Unpack a sequence back to directory layout:

.. code-block:: bash

   build/hypredrive-lsseq unpack \
     --input build/poromech2k_np1_lsseq.zst.bin \
     --output-dir build/poromech2k_np1_unpacked

Use in YAML:

.. code-block:: yaml

   linear_system:
     sequence_filename: build/poromech2k_np1_lsseq.zst.bin
     rhs_mode: file

Notes:

- ``rhs_mode`` remains authoritative.

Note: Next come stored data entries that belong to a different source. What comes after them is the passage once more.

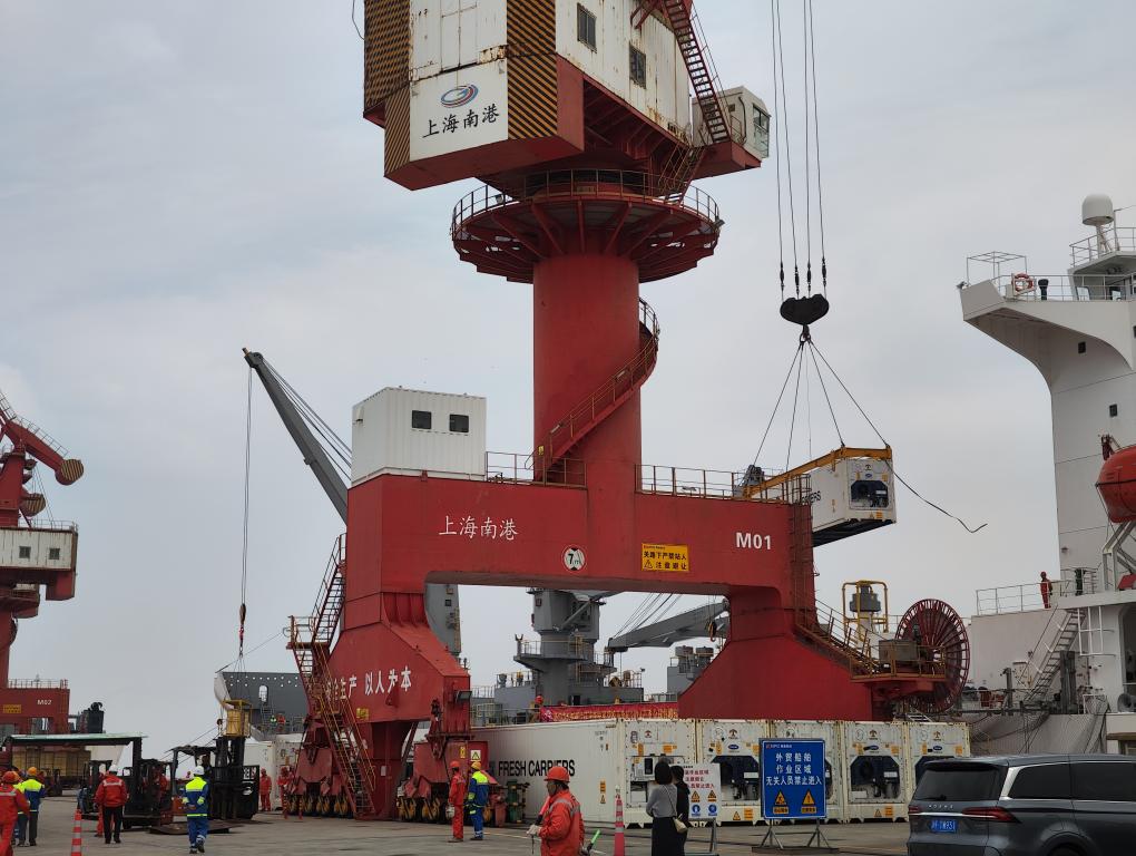 3月26日,装载2100多吨新西兰佳沛新鲜奇异果的“科槐号”散装水果冷藏货船靠泊上海自贸试验区临港新片区南港码头。新华社记者 杨有宗 摄
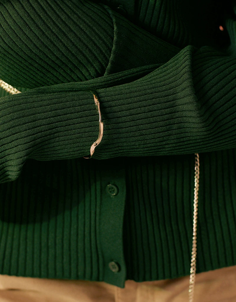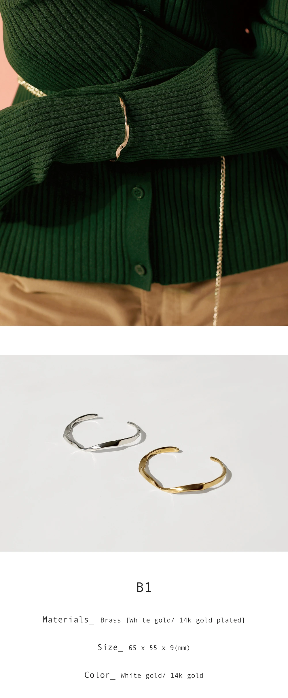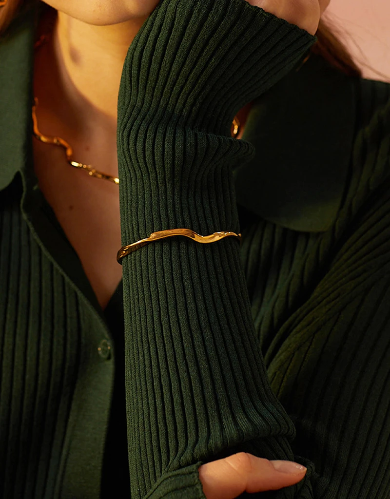 夕焼けの光がやわらかく揺らめく情景を表現したバングル。 揺らぎを思わせる曲面と、なめらかなカーブで手首を包み込むデザインが、シンプルさの中にユニークな存在感を添えます。
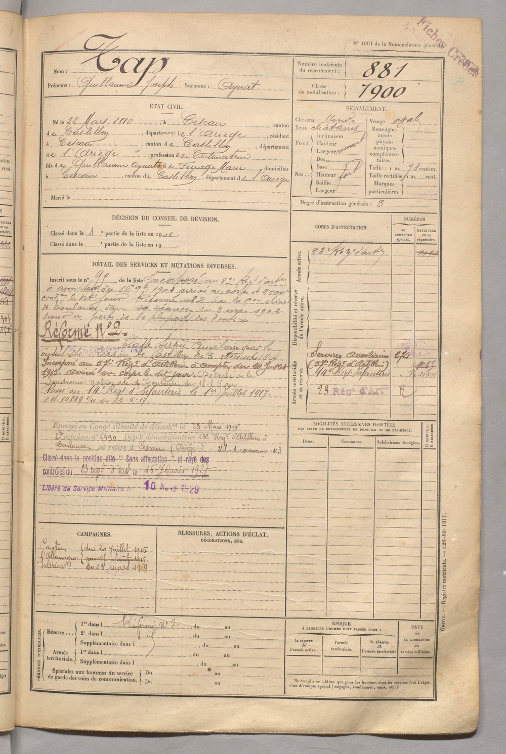 | Tap | Guillaume Joseph dit Aynat | FOIX | 129 W 5 | 1900 | Cescau | Cescau | 881 |
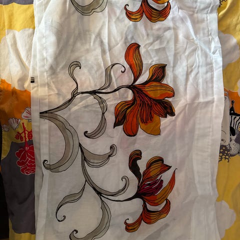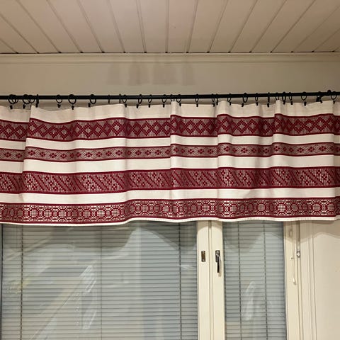 Punainen tiikerinmarja-kappaverho, yläosassa näkyy rypyt tangolla olemisesta, todennäköisesti siliää silittämällä, muuten ei mitään huomautettavaa.
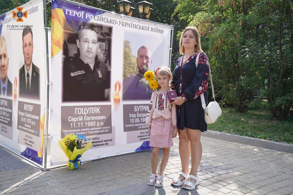 Сергій Євгенович ГОЦУЛЯК, начальник групи піротехнічних робіт спеціалізованої аварійно-рятувальної частини аварійно-рятувального загону спеціального призначення Головного управління ДСНС України у Тернопільській області, загинув 4 січня 2023 року, на Харківщині, під час виконання бойового завдання з розмінування деокупованої території. Сьогодні, 24 серпня, дружина загиблого героя Сергія Гоцуляка Ольга отримала орден «За мужність», ІІІ ступеня. Вручення нагороди відбулося у стінах Українського Дому «Перемога».
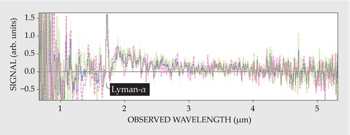 What was completely unexpected, however, was that at the Lyman-α wavelength itself, the spectrum showed a sharp, intense peak. If the galaxy had been surrounded by a neutral IGM, such an emission would have been immediately absorbed and would never have reached Earth. For a z = 13 galaxy to exhibit the spectrum that the researchers observed, it would have to have been surrounded by a sizable reionized region so that its light would not have encountered any neutral IGM until its Lyman-α emission spike was safely redshifted out of reach.
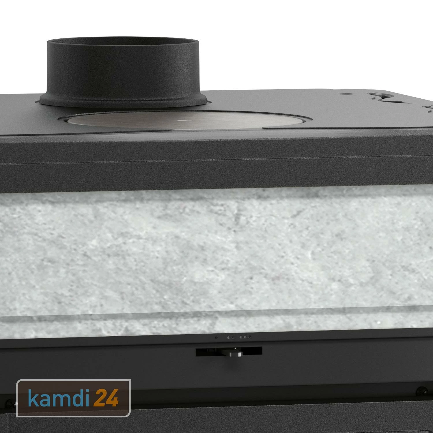 Der Kamin kann mit weiteren Ausstattungsmerkmalen überzeugen: einem Sichtfenster aus Keramikglas mit sowie ein für die Brennrückstände und ein zur Aufbewahrung des Brennholzes. Ein Highlight ist zudem die Abdeckplatte auf der sich ein befindet, das zum Warmhalten und Zubereiten von Speisen genutzt werden kann.
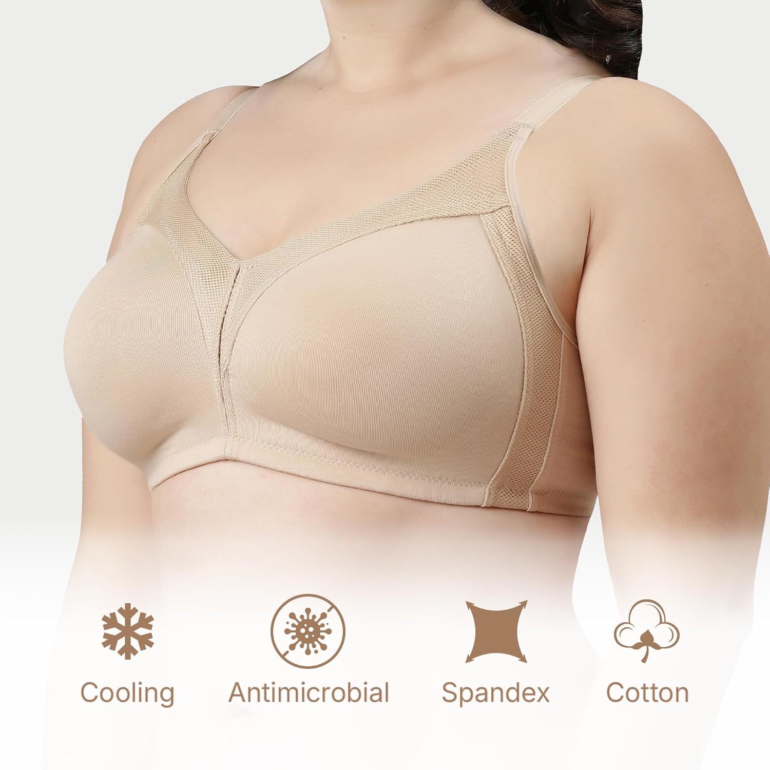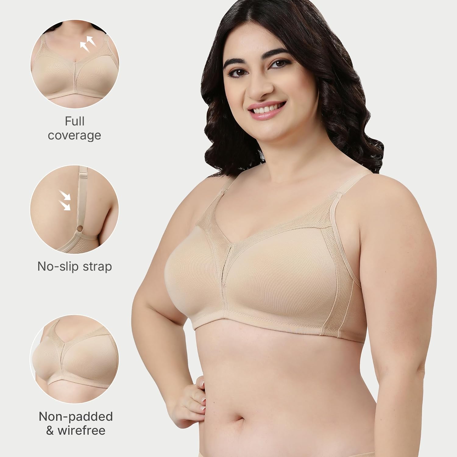 Enamor AB75 M Frame No Bounce Full Support Cotton Bra for Women – Non-Padded Non-Wired & Full Coverage with Cooling Technology | Available in Solid Colours
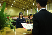 生徒会は餅まきとカラオケ大会の司会、ボランティア部は受付、eスポーツ部はeスポーツ体験ブース、吹奏楽局はステージ演奏を行いました。
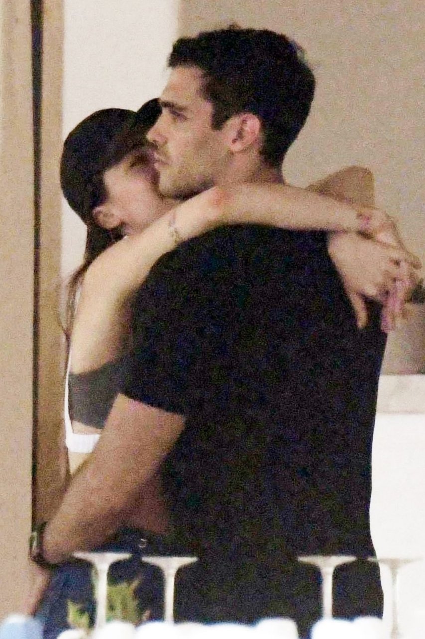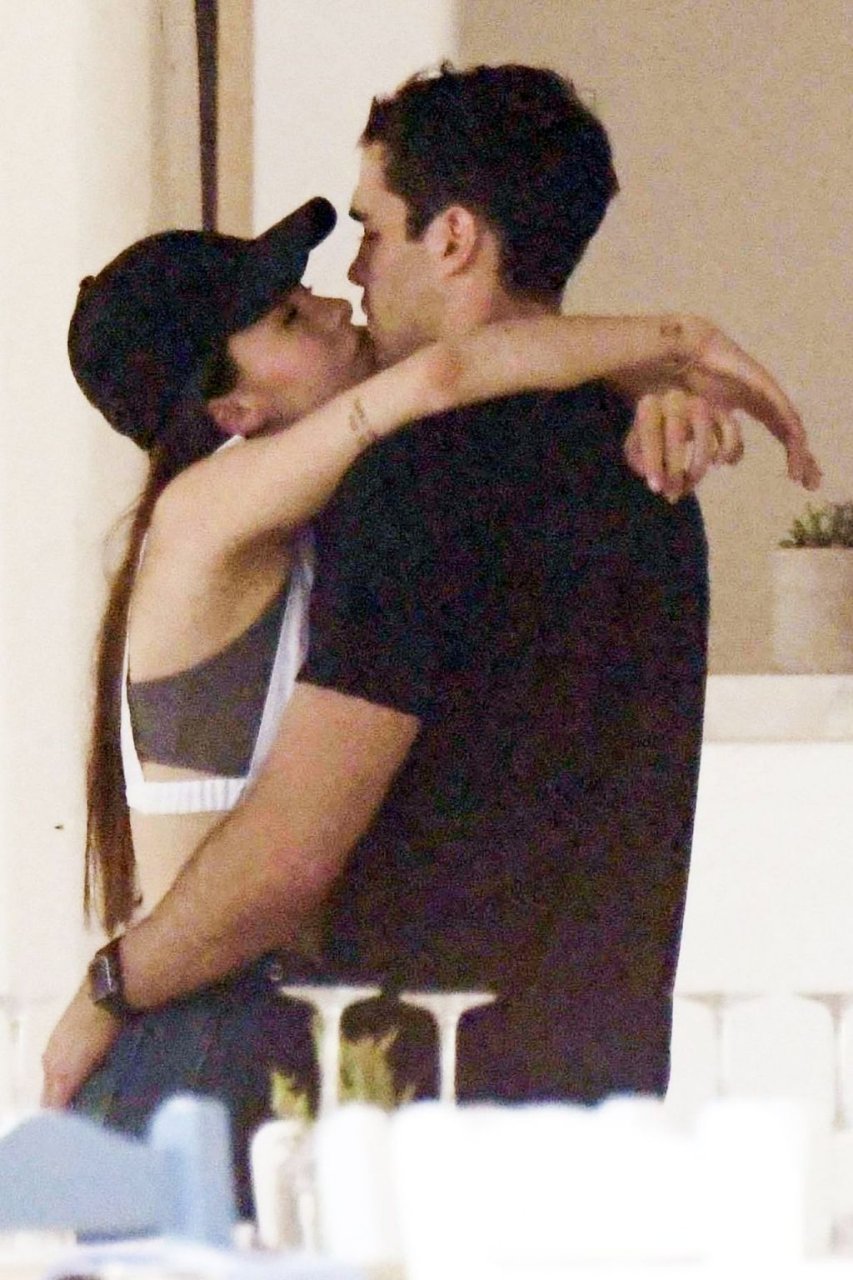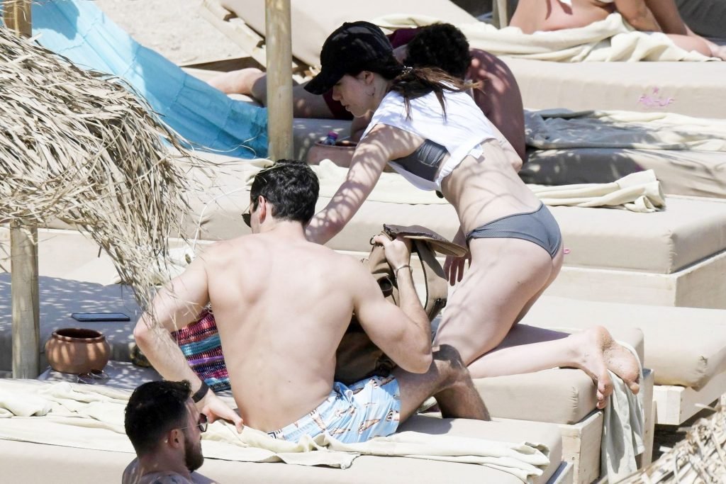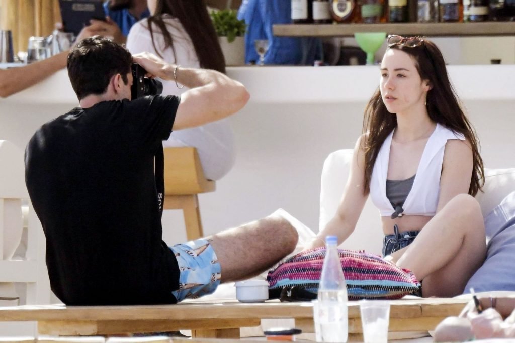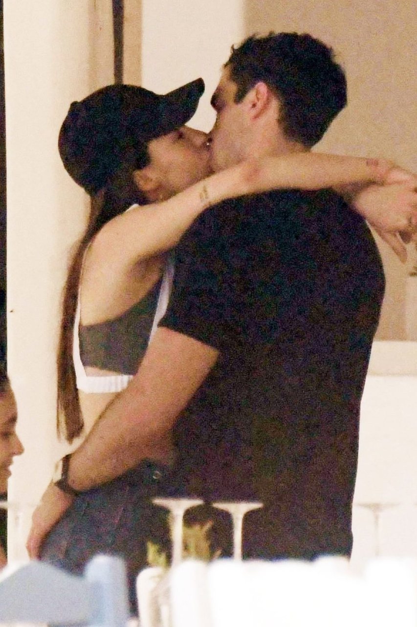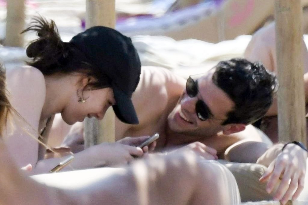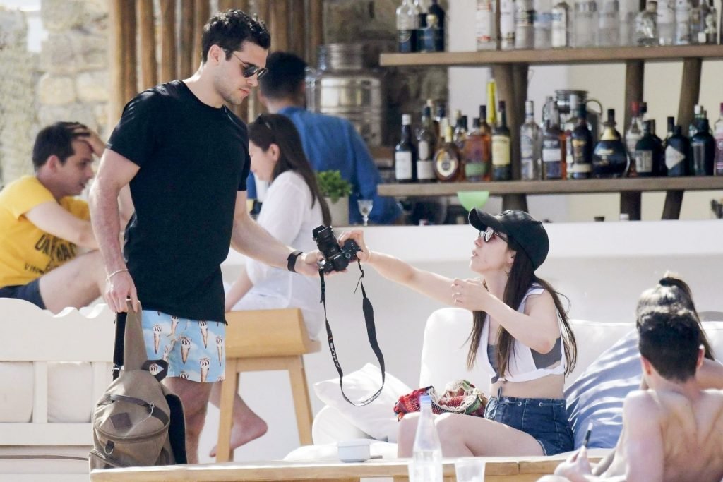 Aurora avait fière allure dans son bikini gris en posant pour la caméra de Goffredo. Le couple avait l’air heureux et s’est tendrement embrassé au bar Liasti.
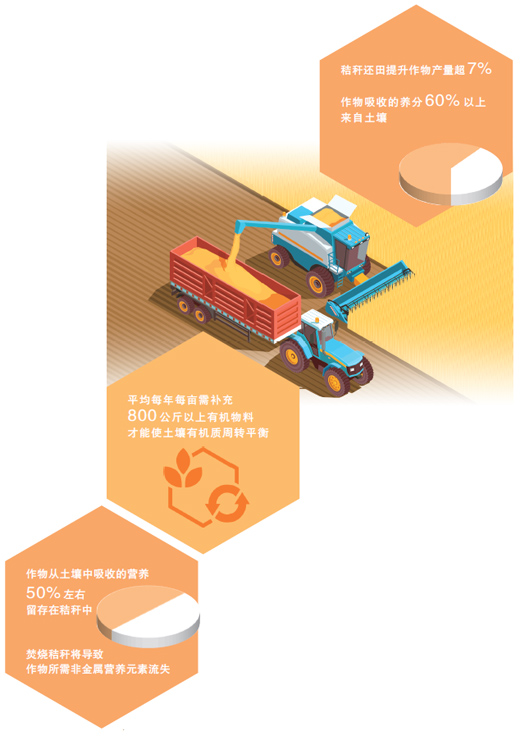 研究显示,秸秆还田技术能提升作物产量超7%。据业内专家分析,作物吸收的养分60%以上来自土壤,平均每年每亩需要补充800公斤以上的有机物料,才能使土壤有机质周转平衡。因此,“秸秆还田对补充耕地有机质来说是有必要的,尤其是在有机肥源少、大田施用困难的情况下。”农业农村部农村经济研究中心绿色发展团队首席专家金书秦表示。
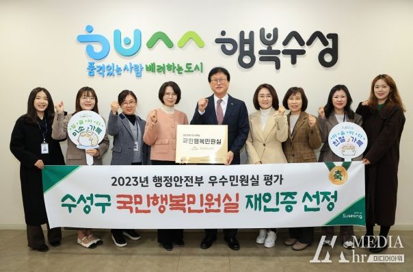 미디어아워 임다연 기자 | 대구 수성구는 ‘2023년 국민행복민원실’ 우수민원실 인증현판을 구청 종합민원실 입구에 게시했다고 10일 밝혔다.
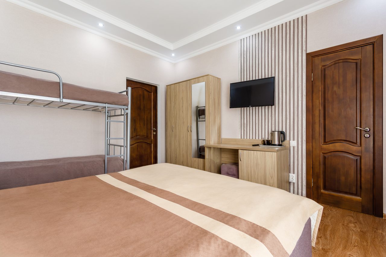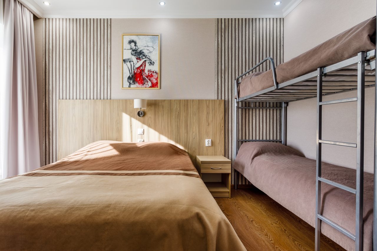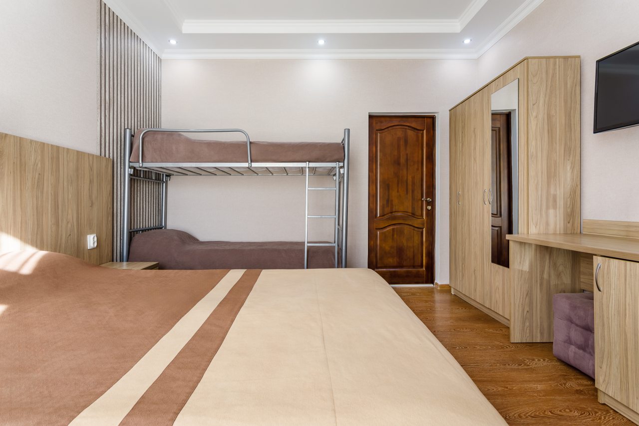 Дети до 7 лет размещаются бесплатно без предоставления доп. мест. Практически в каждой категории номеров есть доп. места, стоимость дополнительного места - 500 руб./сутки.

Container RHS is used only when ``rhs_mode: file``.
- If ``timestep_filename`` is omitted, embedded timesteps are used when available.
- ``LSSeqInfoHeader`` + manifest payload are mandatory for ``LSSEQ_VERSION=1`` files.
- Extensions map to codec: ``.bin`` (none), ``.zlib.bin``, ``.zst.bin``, ``.lz4.bin``,
  ``.lz4hc.bin``, ``.blosc.bin``.


Current Scope and Limitations
-----------------------------

- Input is expected in binary IJ multipart format.
- Sequence container path currently targets matrix, RHS, and optional dofmap data.
- Initial guess and explicit reference-solution files remain separate inputs.
- For compatibility with older hypre releases, some sequence regression coverage is gated by
  hypre version in test registration.